Появлению на заставе начальника погранотряда Суров не больно обрадовался, это сулило мало приятного. Но нет худа без добра, подумал он, приведя сапоги в порядок и поднявшись на первую ступеньку крыльца: Голов усилит заставу людьми, должно быть, и еще один газик подбросит. Да и службист он опытный, поможет организовать службу соответственно сложившейся обстановке. С такими мыслями взялся за дверную скобу. Через неплотно прикрытый ставень увидел усатое лицо старшины, погон с продетой под него портупеей, очки на носу. Холод с кем-то переговаривался по телефону, что-то записывал в служебный журнал, прижав трубку к поднятому кверху плечу. Потом, захлопнув журнал и положив трубку на рычаг аппарата, старшина вскинул очки на лоб, потер переносицу, широко зевнул и похлопал себя по губам короткопалой ладонью, гася зевок и прогоняя сонливость.

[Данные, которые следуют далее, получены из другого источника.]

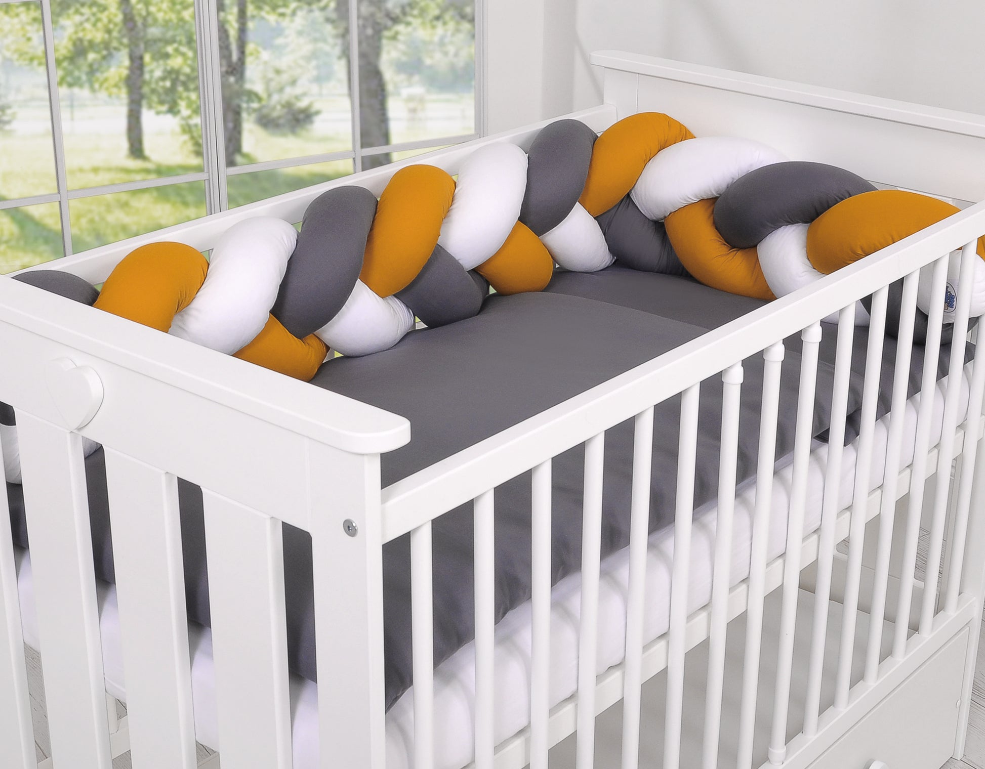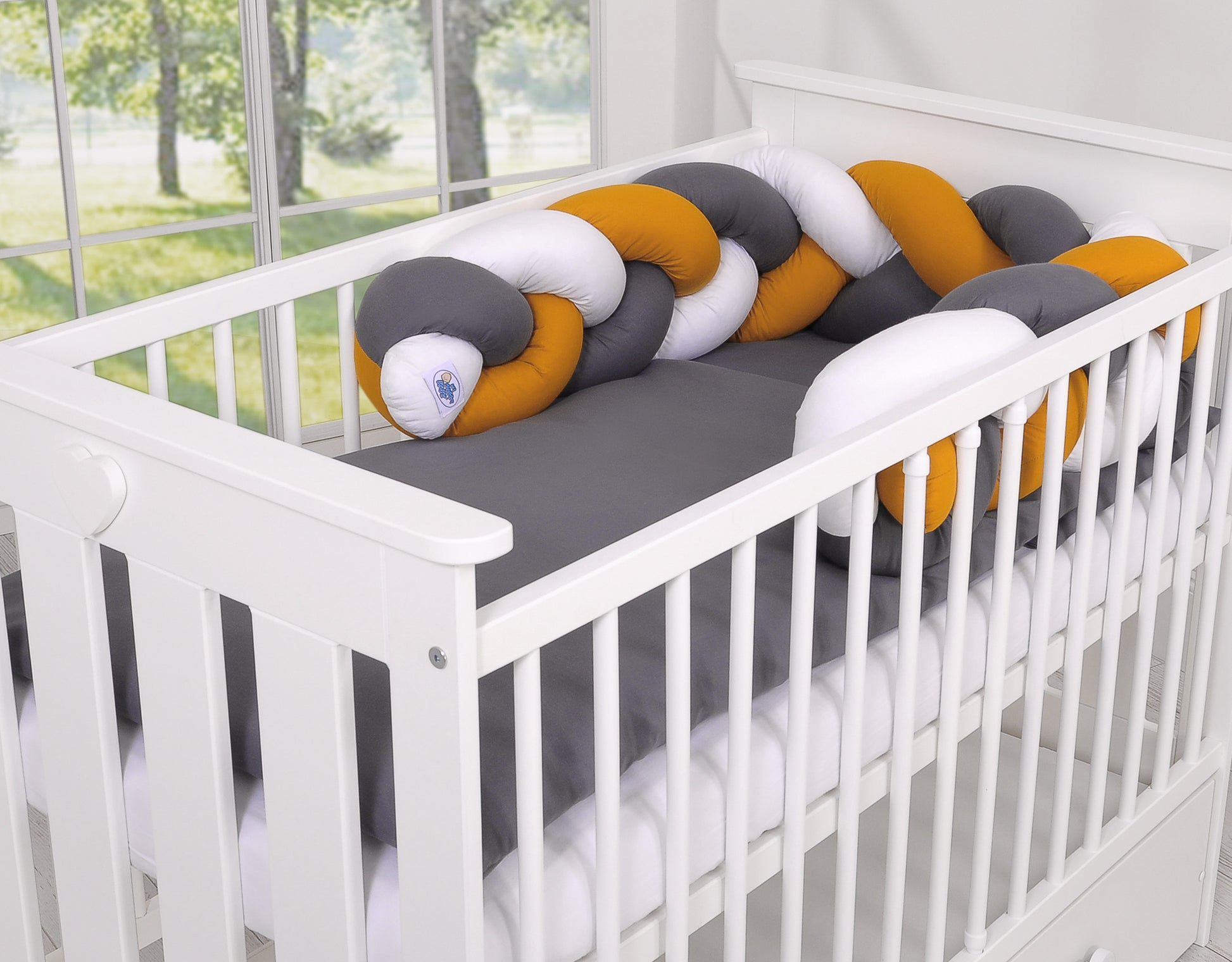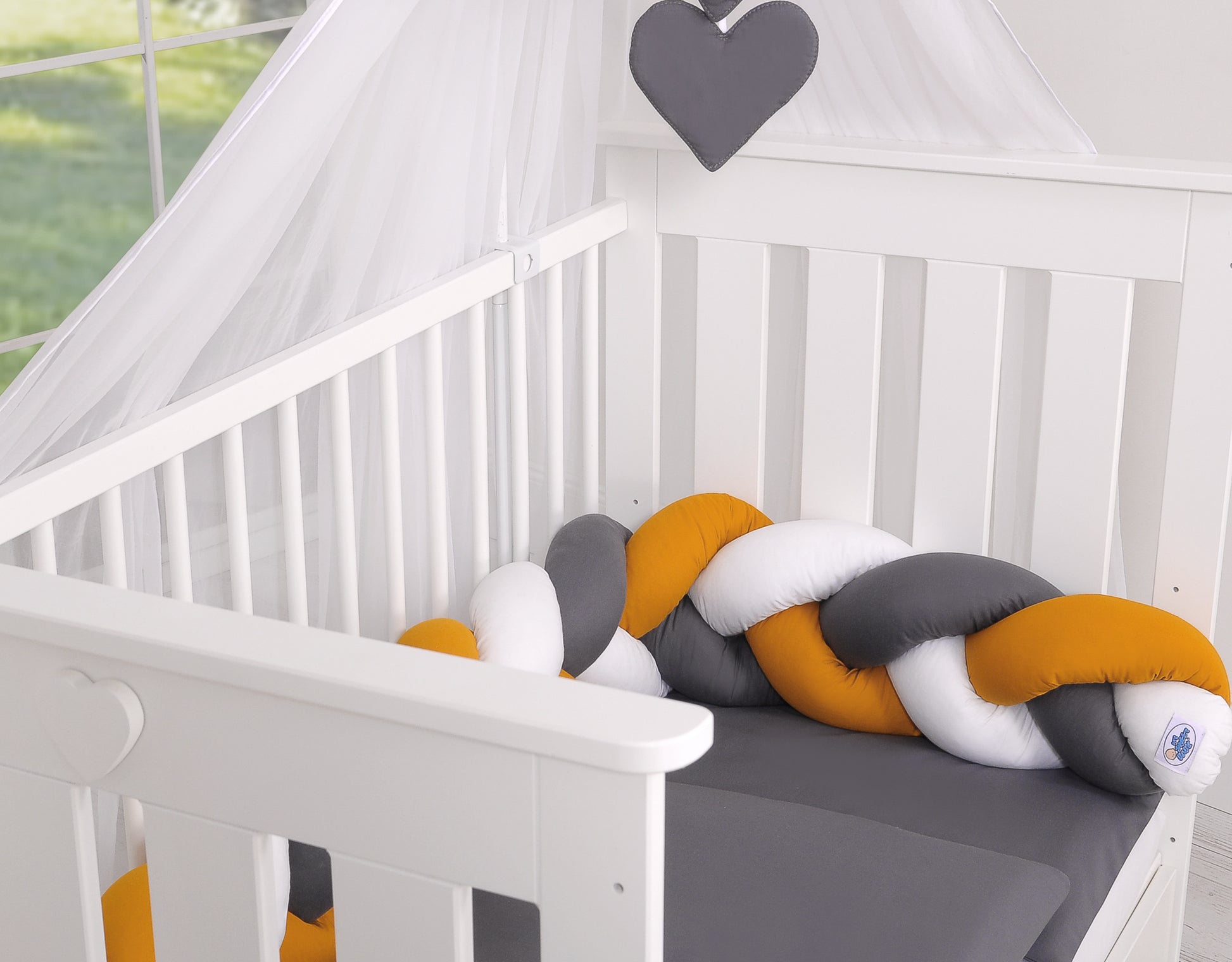 Denna vackra, extra mjuka flätade spjälskydd är tillverkad av 100 % bomull. De medföljande bomullsrosetterna gör den enkel att fästa på spjälskyddet. Spjälskyddet skyddar ditt barns händer och fötter från att klämmas mellan spjälskyddet och förhindrar att huvud och kropp stöter mot spjälskyddets väggar.

"Подполковник лег спать или отправился на границу, - заключил Суров. Иначе старшина не напялил бы очки. Он и меня боится, чудак человек, будто не знаю". Суров потянул на себя дверь, но раньше его кто-то нажал на нее изнутри.
Вышел Холод.
- Товарищ капитан, в ваше отсутствие происшествий не случилось.
- Хорошо, старшина. - Суров прошел в открытую дверь. - Начальник отряда спит?
- У соседа. Не захотели тут ночевать. Обмундирование в порядок привели, хвонарь взяли. Я поесть зготовил, так даже не посмотрели. К чему это, товарищ капитан? Что у нас - не воинское подразделение, чи мы хуже всех в отряде?
Суров сам подумал что-то подобное. Махнул рукой:
- Ладно, старшина, переживем как-нибудь. Большего горя не было б.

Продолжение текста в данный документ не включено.